Complete Step By Step Answer:
This question belongs to the concept of d and f block elements. Most of the d and f block elements that are transition elements are coloured whether they are in solid or liquid state. As they have incompletely filled d orbitals. In order to understand why $ KMn{O_4} $ is coloured we will first get familiar with d-d transition.
So, when a transition metal compound is formed the d generated orbitals of the metal splits into two sets.

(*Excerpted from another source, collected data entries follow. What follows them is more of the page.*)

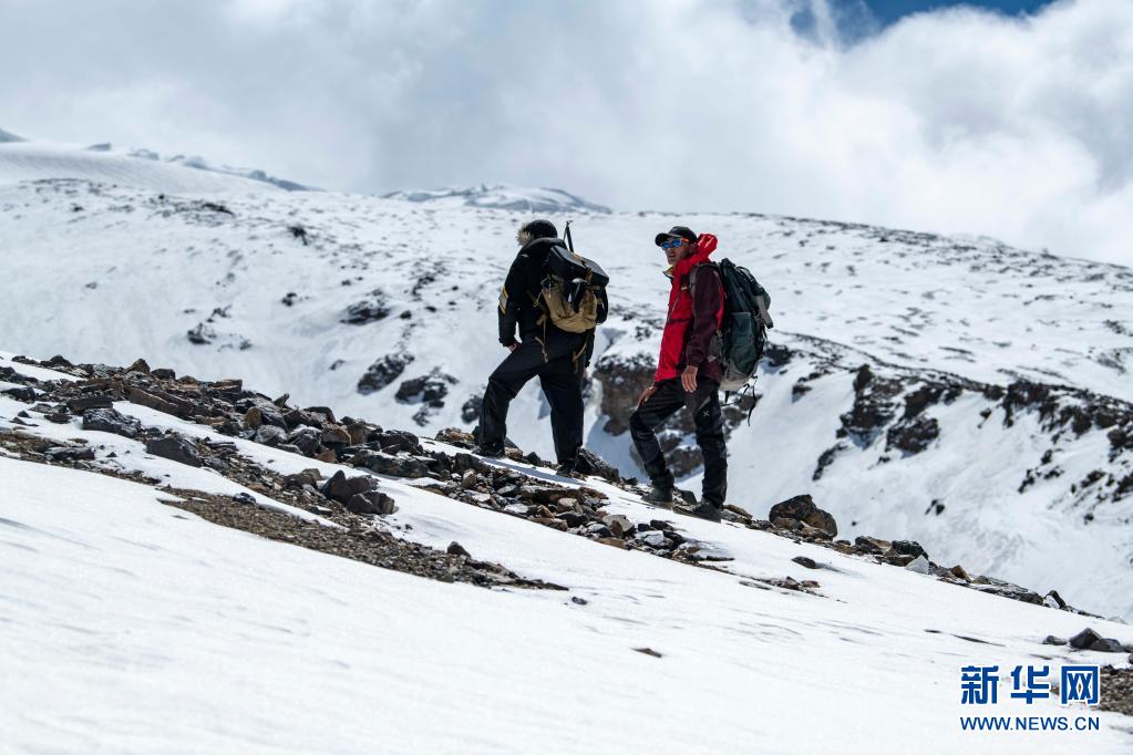在當天的適應性訓練中,別克米爾扎·圖爾達力(左)和同伴庫爾班巴依·努爾麥麥提行進在慕士塔格峰海拔約5000米的山路上(5月15日攝)。新華社記者 胡虎虎 攝
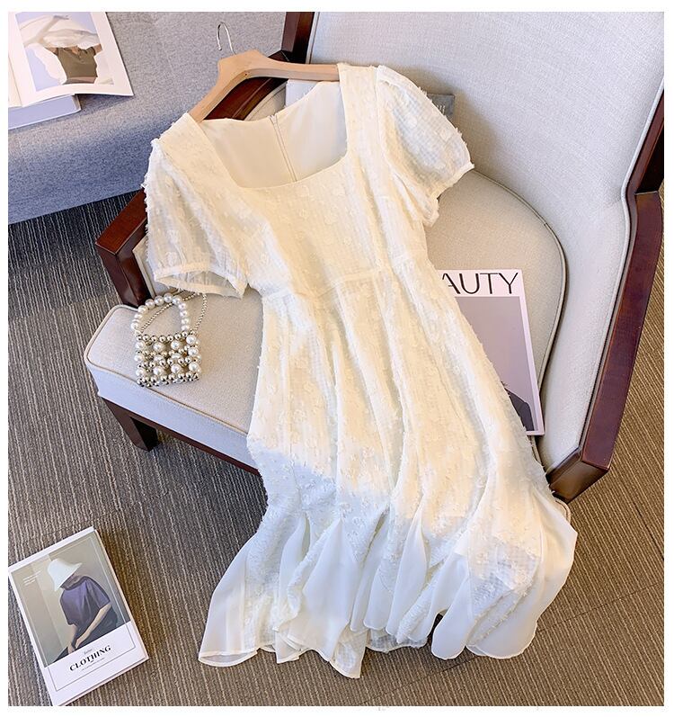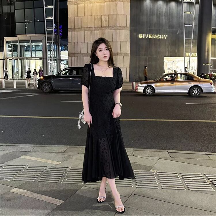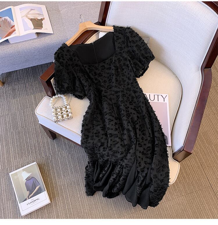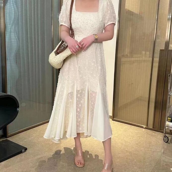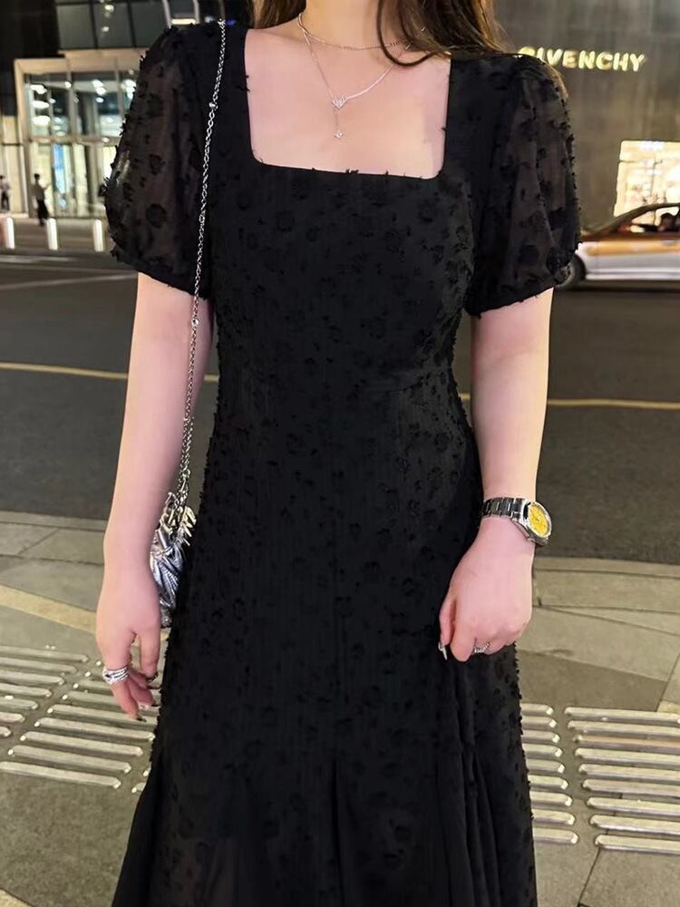 ワンピース 半袖 ミモレ丈 レトロ クラシカル 膝下 袖あり パフスリーブ スクエアネック ジャガード ドット柄 水玉 襟付き 透け感 レース 細身 ハイウエスト 大人可愛い きれいめ シンプル カジュアル 大人 上品 お洒落 レトロ 大人女子 こなれ感 ガーリー 主役級 抜け感 無地 春 夏 秋 20代 30代 40代 ママ 学生 通学 デート お出かけ 女子会 休日 旅行 普段使い 重ね着 オルチャン モテ 定番 トレンド インスタ映え ブラック アプリコット M L XL 2XL 3XL 4XL
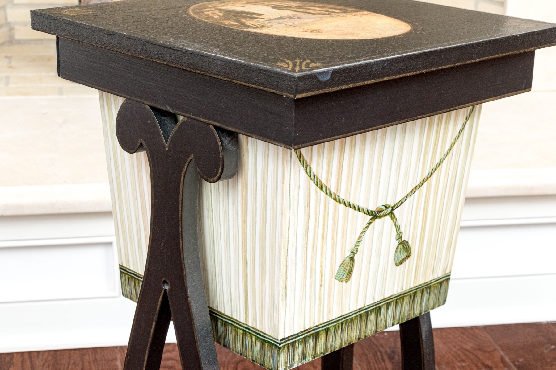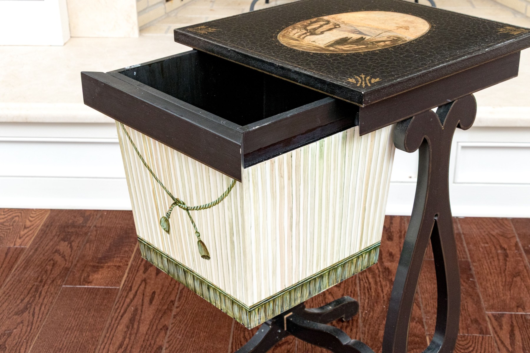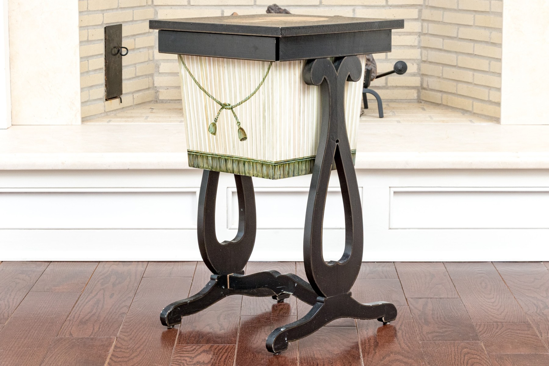 A delightful vintage Regency style sewing side table showcasing a square black crackle finished top with a hand-painted oval central reserve depicting a waterfall. The table features a white and green painted basket with a slide-out opening, detailed with trompe l'oeil ribbing and a green tassel garland across the front. Raised on elegant lyre form trestle legs with a double-curved stretcher.
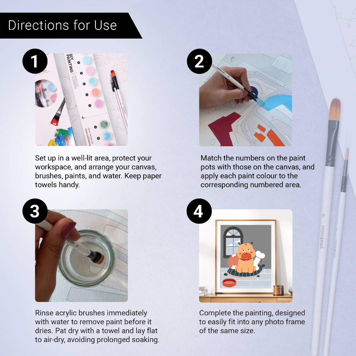 Organise your paints: Arrange the paints according to their labeled numbers, matching them with the numbers on the canvas.

One set has dxy, dyz and dxz orbitals which are known as $ {t_2}g $ orbitals and the other set is $ {d_{{x^2} - {y^2}}} $ and $ {d_{{z^2}}} $ orbitals which are known as eg orbital. These orbitals are slightly higher in energy level in the presence of the octahedral field. This phenomenon is called crystal field splitting. When white light falls on these compounds, some wavelength is absorbed by the electrons from one set of lower energy orbitals to another set of slightly higher energy within the same d-subshell. This is called d-d transition. Also, the remaining light is reflected back.
Now let us see the case of $ KMn{O_4} $ .
In the case of $ KMn{O_4} $ the $ Mn $ atom is responsible for the colour as it undergoes d-d transition. The $ Mn $ atom has $ + 7 $ oxidation state and the configuration is $ [Ar]3{d^0}4{s^0} $ thus we can see that no unpaired electrons are present. So we can conclude that the molecule should be colourless.
The colour of the $ KMn{O_4} $ is due to ligands to metal transfer not due to d-d transition as there are no unpaired electrons which can result in d-d transition.
The charge transfers from $ 2p(L) $ of oxygen to $ 3d(M) $ of $ Mn $ .
Hence we can conclude that it is due to L to M charge transfer.
So option C is the correct answer.

Note :
d-d transition has no role to play in the colour of $ KMn{O_4} $ compound. Manganese gets oxidised from $ + 7 $ to $ + 6 $ . Though $ KMn{O_4} $ is non-combustible it catalyses burning of other combustible compounds.